Ora: sarebbe bello avere misura, nei post, ma evidentemente vale sempre la regola retorica e furbina per cui, se Adinolfi o Pillon o Peto insultano qualcuno, allora quel qualcuno diventa automaticamente Mick Jagger. Tutto ciò è avvilente, come lo è stata durante Sanremo la sopravvalutazione di Achille Lauro che meritava i peana eterni solo perché aveva fatto arrabbiare gli omofobi, “e pazienza se non ha voce” (anche se di lavoro farebbe il cantante). Una roba allucinante.
Dunque, su Bravi: il cantante ha (ovviamente) ragione totale sulla vicenda. Il ragazzo ha pure risposto con garbo raro ed eloquio puntuale, evitando di infierire anche su chi – Serena Autieri – non solo ha pensato bene di intervistare senza motivo un trapassato morale e temo finendo neuronale, ma ha pure avuto la mala creanza di ridere di fronte alle sue (orrende) “battute”. Se non sai fare le interviste, stai a casa.

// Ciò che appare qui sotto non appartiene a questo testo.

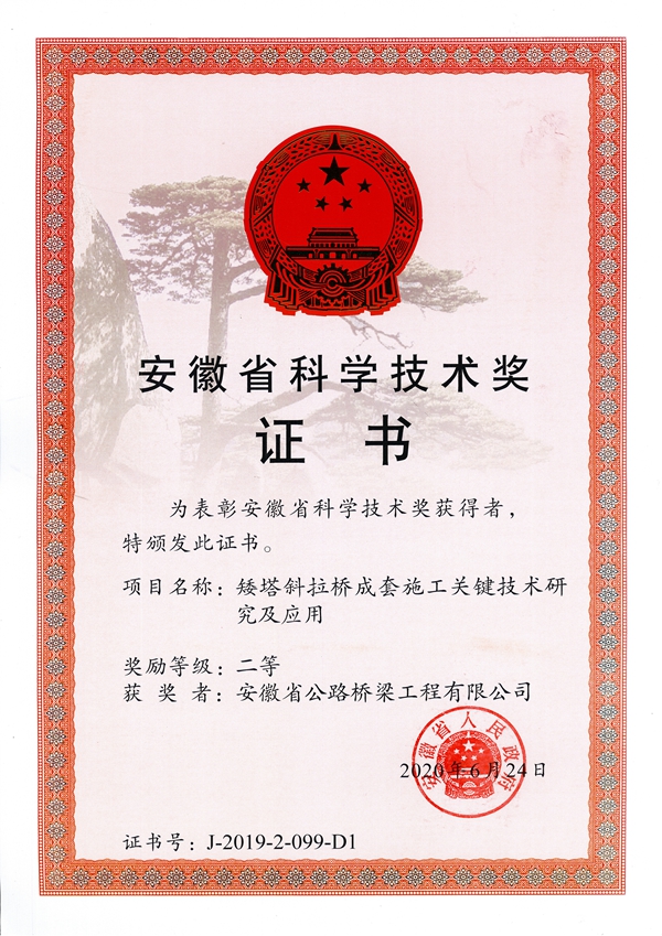 近期,公司主持申報(bào)的《矮塔斜拉橋成套施工關(guān)鍵技術(shù)研究及應(yīng)用》課題,通過(guò)層層篩選,榮獲“2019年度安徽省科學(xué)技術(shù)獎(jiǎng)二等獎(jiǎng)”。
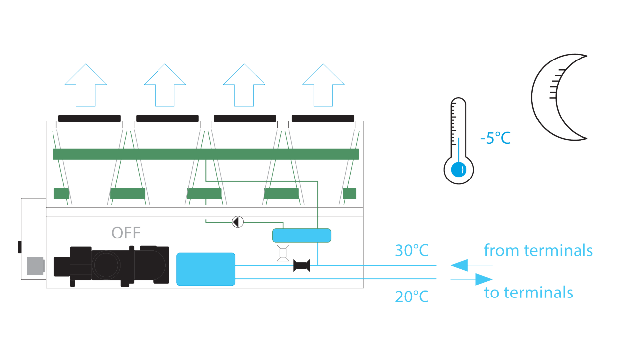Doskový výmenník tepla jednotky vytvára uzavretý okruh s výmenníkom voľného chladenia a vyhradeným čerpadlom. V tomto systéme je glykol uzavretý v uzavretom okruhu. Bezglykolový variant pracuje so systémom „uzavretého okruhu“, ktorý poskytuje kompatibilné a účinné riešenie pre aplikácie, kde sa uprednostňuje vyhnúť sa používaniu glykolu. Medzi jeho výhody patrí aj výrazná úspora nákladov, pretože vďaka tomu, že sa v systéme zákazníka nepoužíva glykol, je jednoduchšia jeho údržba a zvyšuje sa celková účinnosť. V priemyselných procesoch znižuje riziko kontaminácie a zabezpečuje, aby nebola ohrozená kvalita výrobkov.
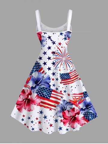 Plus Size Patriotic American Flag Fireworks Hibiscus Floral Print Hawaii A Line Tank Dress - White - 4x
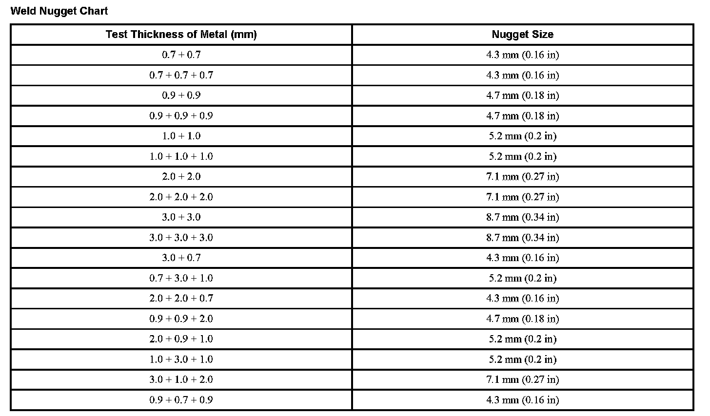 Weld Nugget Chart
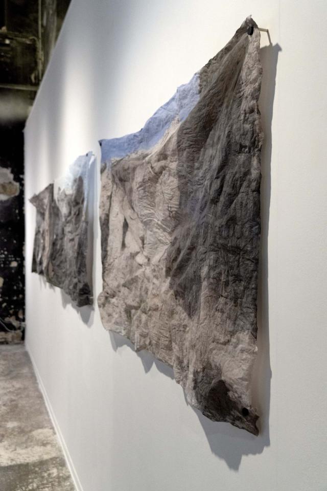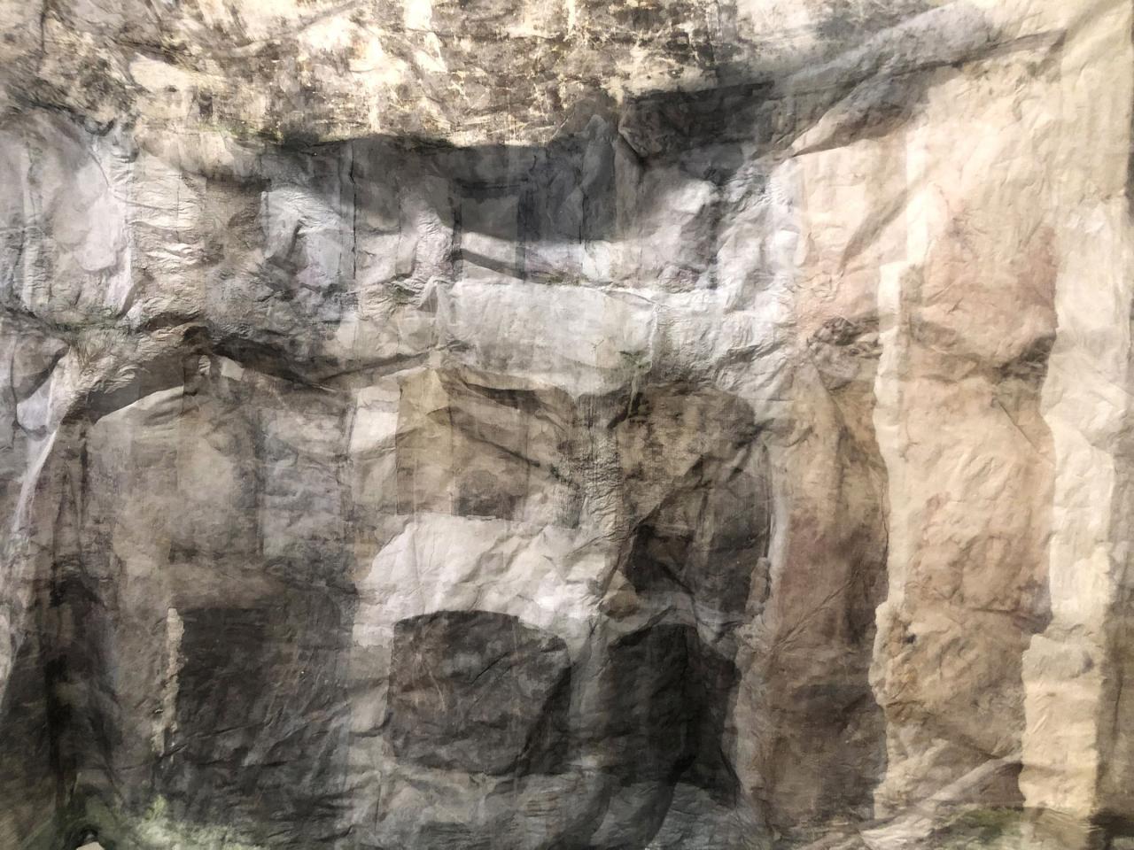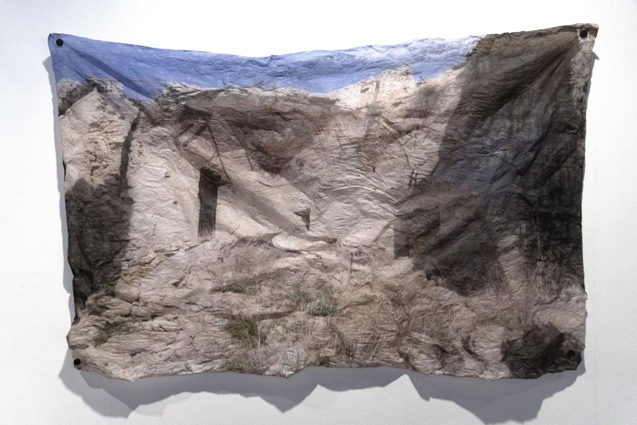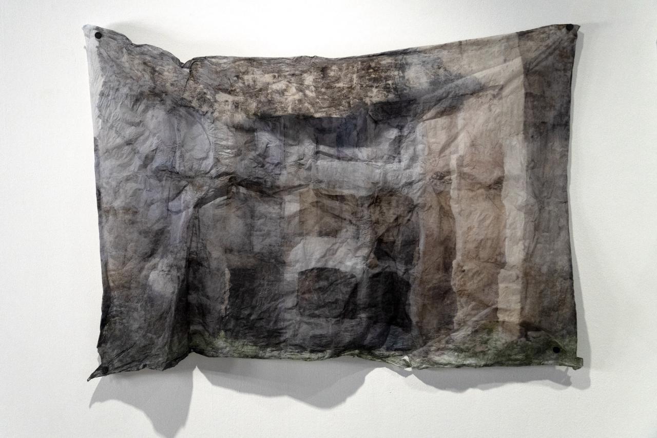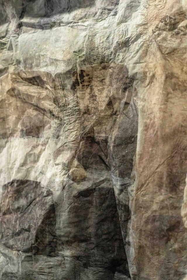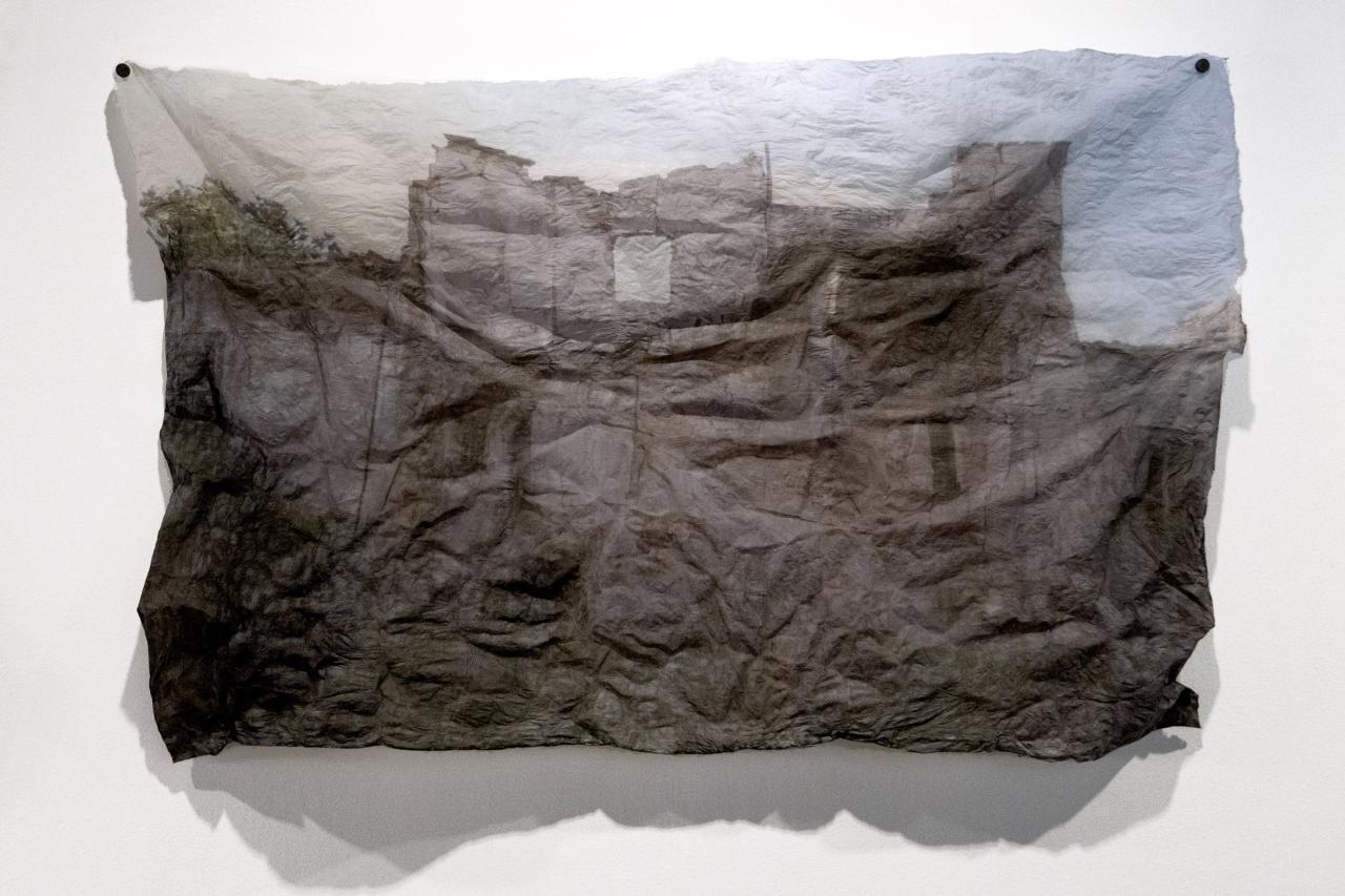 Suaires de Ruines, 2024, tirage sur papier lambda, extraction de la pellicule photographique numérique, 90 x 135 cm, vue de l’exposition collective Sourde Résistance, dans le cadre du Festival international d’art contemporain Sète-Lisboa, Chapelle du Quartier Haut, Sète.

Al tempo stesso, poiché parliamo (credo) di un artista, e poiché la canzone in oggetto di Bravi (una cover di Battisti) si è rivelata una delle più grandi schifezze mondiali nella storia della musica, roba che per molto meno ho visto gente “lapidata” o quasi sul palco, ci penserei un attimo prima di mettere in scena la solita litania social (a favore di algoritmo) dell’artista geniale vessato dal critico incivile.
Come a dire: l’inciviltà greve dell’insultatore è evidente, come lo è il garbo della persona offesa, ma la resa artistica – a prescindere dal vile dileggio omofobo – resta semplicemente orrenda. Si può dire che Bravi è un bravo ragazzo e ha ragione nel merito, ma al tempo stesso ha fatto una cover da vomito, oppure ormai questo paese è morto di politicamente corretto e retorica insopportabile?